Bokova fez questão de notar que as decisões tomadas são da responsabilidade dos estados-membros e não dela, como directora-geral da organização.
Bokova repetiu ainda as suas declarações dos passados meses de Abril e de Julho, em que "A Velha Cidade de Jerusalém é a cidade sagrada das três religiões monoteístas: o judaísmo, o cristianismo e o islamismo, e que tanto os judeus, como os cristãos e os muçulmanos têm direito ao reconhecimento explícito da sua História e relacionamento com a cidade."
 
E, numa aparente oposição à resolução aprovada pelo organismo que ela dirige, Bokova afirmou ainda: "acredito firmemente que negar ou ocultar quaisquer das tradições judaica, cristã ou muçulmana mina a integridade do sítio."
Bokova referiu-se ainda a alguns dos sítios inscritos na lista do património mundial da UNESCO e a alguns dos projectos da organização, que "atestam o nosso compromisso com a cultura judaica e que comprovam o nosso conhecimento e respeito pelos laços existentes entre o povo judeu e a Terra Santa, incluindo Jerusalém."
 
A directora-geral da UNESCO fez ainda questão de apregoar que a sua organização "é a única da ONU com um programa dedicado à educação sobre o Holocausto."
 
 
Irina Bokova e a organização que dirige com agendas contrárias. Ainda bem para ela. Só espero que ela não se fique pelo "politicamente correcto" das palavras, mas que dê passos que comprovem de facto esta sua louvável postura...
 
Shalom, Israel!
 
 

sexta-feira, outubro 14, 2016

"A VERDADE HISTÓRICA É MAIS FORTE, E A VERDADE PREVALECERÁ" - AFIRMOU NETANYAHU EM REACÇÃO À RESOLUÇÃO DA UNESCO

Furioso como não poderia deixar de estar com a decisão da UNESCO em reinventar a História no que concerne à ligação milenar dos judeus com a sua Cidade eterna, Jerusalém, o primeiro-ministro comentou e satirizou a decisão do desacreditado órgão da ONU, com as seguintes palavras:

"Hoje, a organização adoptou outra decisão delirante, afirmando que o povo judeu não tem ligação com o Monte do Templo ou com o Muro Ocidental. Mesmo que eles não leiam a Bíblia, eu sugeriria aos membros da UNESCO que visitem o Arco de Tito, em Roma. Nele, pode-se ver o que os romanos trouxeram para Roma depois de destruírem e saquearem o Segundo Templo, no Monte do Templo, há 2 mil anos. Lá, gravada no Arco de Tito, está a Menorá de sete braços que é o símbolo do povo judeu e, lembro-vos, também é o símbolo do estado judeu, actualmente.
Em breve, a UNESCO vai dizer que o imperador Tito está envolvido em propaganda sionista.
Dizer que Israel não tem ligação com o Monte do Templo e com o Muro das Lamentações, é como dizer que a China não tem ligação com a Grande Muralha da China ou que o Egipto não tem ligação com as pirâmides. 
Com essa decisão absurda, a UNESCO perdeu a pouca legitimidade que ainda lhe restava.
Mas eu acredito que a verdade histórica é mais forte, e a verdade prevalecerá. E, hoje, estamos a lidar com a verdade."

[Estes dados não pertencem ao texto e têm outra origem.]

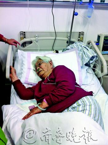 24日,習近平總書記到青島大學附屬醫院黃島分院看望慰問爆燃事故的傷員,87歲的薛淑美是其中年齡最大的。總書記走后,老伴扶著薛淑美躺下休息,兩人的手緊緊握在一起。記者 張曉鵬 攝

ISRAEL SUSPENDE COOPERAÇÃO COM A UNESCO
O Ministro para a Educação israelita Naftali Bennett decidiu entretanto suspender toda a cooperação com a UNESCO, face à resolução ontem tomada e que, segundo Bennet, foi "um incremento para o terrorismo."

Shalom, Israel!

quinta-feira, outubro 13, 2016

NUMA ABOMINÁVEL ADULTERAÇÃO DA HISTÓRIA, A UNESCO "DECIDIU" QUE OS JUDEUS NÃO TÊM QUALQUER LIGAÇÃO A JERUSALÉM...!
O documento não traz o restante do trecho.